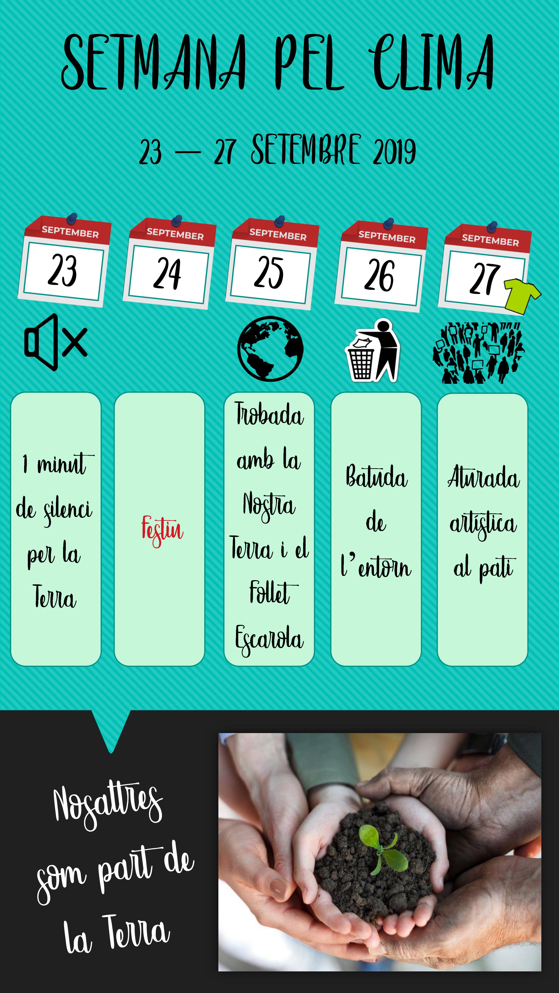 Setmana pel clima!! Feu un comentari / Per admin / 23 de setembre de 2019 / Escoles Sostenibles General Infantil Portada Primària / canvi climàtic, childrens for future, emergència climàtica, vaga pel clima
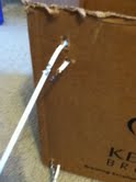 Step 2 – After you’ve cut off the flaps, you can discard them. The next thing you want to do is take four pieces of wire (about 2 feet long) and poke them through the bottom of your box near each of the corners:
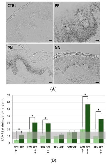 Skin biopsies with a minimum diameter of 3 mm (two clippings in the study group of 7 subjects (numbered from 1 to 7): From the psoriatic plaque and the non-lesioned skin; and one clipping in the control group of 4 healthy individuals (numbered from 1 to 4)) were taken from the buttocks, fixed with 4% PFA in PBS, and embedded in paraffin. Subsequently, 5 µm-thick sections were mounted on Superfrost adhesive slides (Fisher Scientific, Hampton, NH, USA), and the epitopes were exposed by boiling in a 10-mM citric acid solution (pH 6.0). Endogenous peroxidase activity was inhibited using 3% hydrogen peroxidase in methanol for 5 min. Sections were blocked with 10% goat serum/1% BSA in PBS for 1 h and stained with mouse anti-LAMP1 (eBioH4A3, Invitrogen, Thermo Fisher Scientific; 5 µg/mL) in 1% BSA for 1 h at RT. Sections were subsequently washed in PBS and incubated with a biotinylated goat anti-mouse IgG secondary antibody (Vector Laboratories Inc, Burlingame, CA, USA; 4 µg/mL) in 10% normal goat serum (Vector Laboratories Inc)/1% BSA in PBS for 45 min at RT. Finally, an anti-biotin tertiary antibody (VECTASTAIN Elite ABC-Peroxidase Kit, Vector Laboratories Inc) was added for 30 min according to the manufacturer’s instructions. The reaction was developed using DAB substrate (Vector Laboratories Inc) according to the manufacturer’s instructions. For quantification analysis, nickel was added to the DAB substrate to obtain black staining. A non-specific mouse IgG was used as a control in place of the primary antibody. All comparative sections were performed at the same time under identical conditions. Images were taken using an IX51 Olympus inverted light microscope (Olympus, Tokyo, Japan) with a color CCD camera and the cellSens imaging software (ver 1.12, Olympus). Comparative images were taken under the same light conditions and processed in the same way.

#### [Activity]
Transcribe the listing exactly; omit all images.

#### [Response below]
 Setmana pel clima!! Feu un comentari / Per admin / 23 de setembre de 2019 / Escoles Sostenibles General Infantil Portada Primària / canvi climàtic, childrens for future, emergència climàtica, vaga pel clima
 Step 2 – After you’ve cut off the flaps, you can discard them. The next thing you want to do is take four pieces of wire (about 2 feet long) and poke them through the bottom of your box near each of the corners:
 Skin biopsies with a minimum diameter of 3 mm (two clippings in the study group of 7 subjects (numbered from 1 to 7): From the psoriatic plaque and the non-lesioned skin; and one clipping in the control group of 4 healthy individuals (numbered from 1 to 4)) were taken from the buttocks, fixed with 4% PFA in PBS, and embedded in paraffin. Subsequently, 5 µm-thick sections were mounted on Superfrost adhesive slides (Fisher Scientific, Hampton, NH, USA), and the epitopes were exposed by boiling in a 10-mM citric acid solution (pH 6.0). Endogenous peroxidase activity was inhibited using 3% hydrogen peroxidase in methanol for 5 min. Sections were blocked with 10% goat serum/1% BSA in PBS for 1 h and stained with mouse anti-LAMP1 (eBioH4A3, Invitrogen, Thermo Fisher Scientific; 5 µg/mL) in 1% BSA for 1 h at RT. Sections were subsequently washed in PBS and incubated with a biotinylated goat anti-mouse IgG secondary antibody (Vector Laboratories Inc, Burlingame, CA, USA; 4 µg/mL) in 10% normal goat serum (Vector Laboratories Inc)/1% BSA in PBS for 45 min at RT. Finally, an anti-biotin tertiary antibody (VECTASTAIN Elite ABC-Peroxidase Kit, Vector Laboratories Inc) was added for 30 min according to the manufacturer’s instructions. The reaction was developed using DAB substrate (Vector Laboratories Inc) according to the manufacturer’s instructions. For quantification analysis, nickel was added to the DAB substrate to obtain black staining. A non-specific mouse IgG was used as a control in place of the primary antibody. All comparative sections were performed at the same time under identical conditions. Images were taken using an IX51 Olympus inverted light microscope (Olympus, Tokyo, Japan) with a color CCD camera and the cellSens imaging software (ver 1.12, Olympus). Comparative images were taken under the same light conditions and processed in the same way.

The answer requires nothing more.